> I guess you'd have better data than I would; but I'm still having
> trouble believing that Spammers are adjusting on that time frame.

Some do; not all do.  However, the ones that can adjust in less than a day,
or maybe less than 2-3 days sometimes, tend to be some of the more prolific
spammers.  So you can have a *really effective* rule become worthless in
somewhere between 16 hours and say 96 hours.

> But how do we know who should be allowed access to the group?

Well, how do you decide who should be a developer and have access to the
source?  Its probably based on some informal set of rules, like the person
seems to be capable of writing decent perl, following the current style
guidelines, understands the source well enough to not break it too often,
has the ability to test their patches before committing them, and seems to
be dedicated to fighting spam.

A rules subproject would be a project too, and developers should also be
admitted to the project based on some set of reasonable crieteria.  It might
include the ability to write regexes (or evals, or plugins, or whatever),
previous indication that they seem to come up with moderately decent rules
and techniques for catching spam, an understanding of what not to do in a
production regex, etc.  A little thought along the lines of "these are code
developers on an anti-spam project, what should I use for admittance
crieteria" should suggest reasonable measures.

The only possibly 'odd' thing I'm suggesting is that the mailing list these
developers have access to is an embargoed private list for their use only
for 2..4 weeks or so.  Of course one assumes the SA PMC and perhaps
higher-ups would also have access if they cared.  One doesn't necessarily
assume that some other arbitrary Apache project would have live access.

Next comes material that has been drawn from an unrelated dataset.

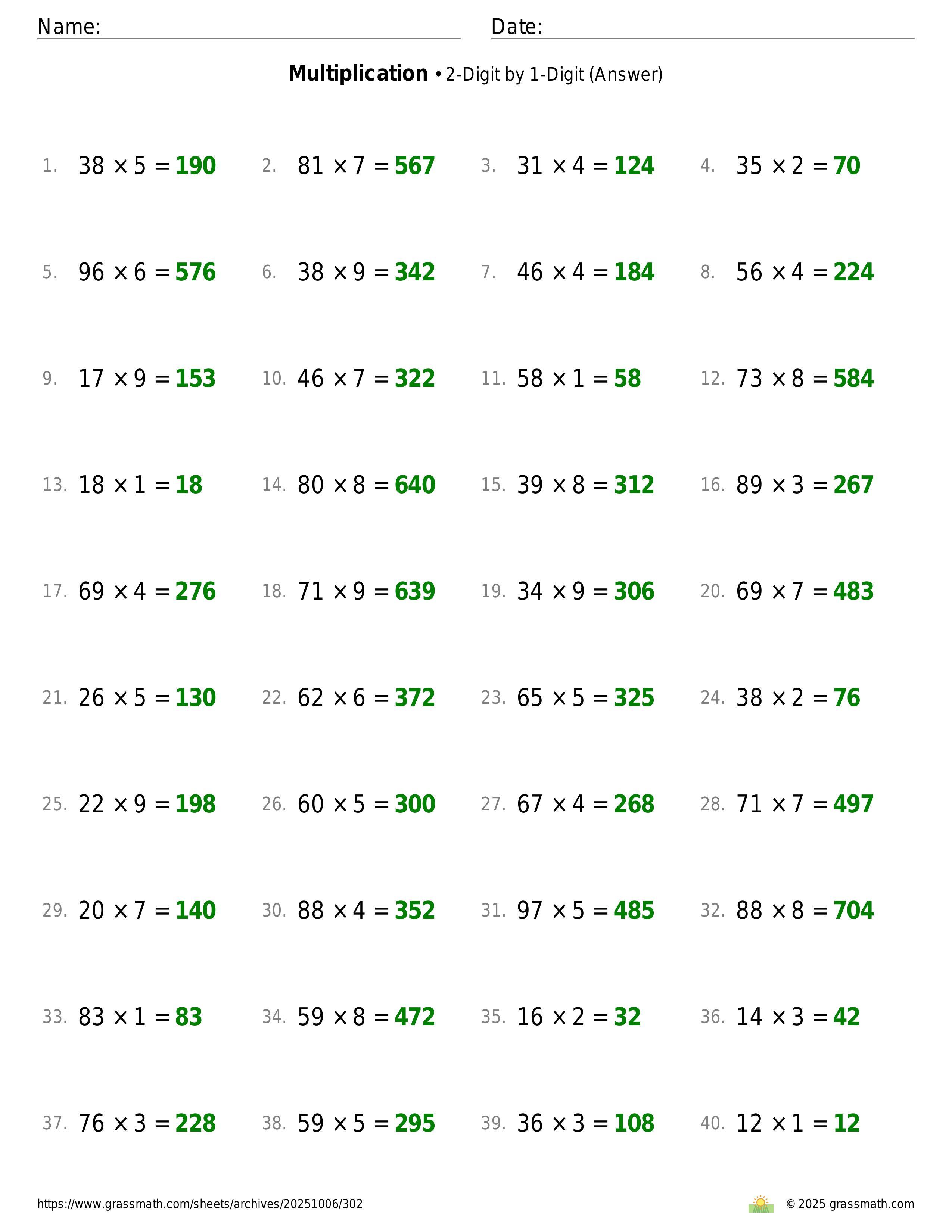 Multiplication 2-Digit by 1-Digit

Now, I may be wrong, but I have the distinct impression that there is a
mailing list or discussion group for the SA PMC that is not open to non-PMC
members, including SA devs that are not PMC members.  So far as I know, the
archives of that list/group are never made public.  And yet it is the
controlling group of a public project.

If such a thing can exist (and I believe it does) then it seems reasonable
that the developers of a public project can be a) admitted effectively by
invitation only based on some crieteria, and b) have a semi-private
discussion forum.

This doesn't say that they can't have a public discussion forum too; just
that they can have one that is private in realtime even if it becomes public
later.  I think someone mentioned SA security bugs.  I'm sure they must get
discussed someplace -- but I have no idea where that might be, since I'm not
on the list of people that need to know about that.

You might think about it as some rules can constitute 'security bug fixes',
and you don't want the vulnerability known generally until a patch is in
place to stop it.  It is a little different with rules, because what you
have is a documented exploit in process, and you want to put a plug in the
hole without having the hole immediately change shape.  But it is much the
same concept, except you have the cart before the horse.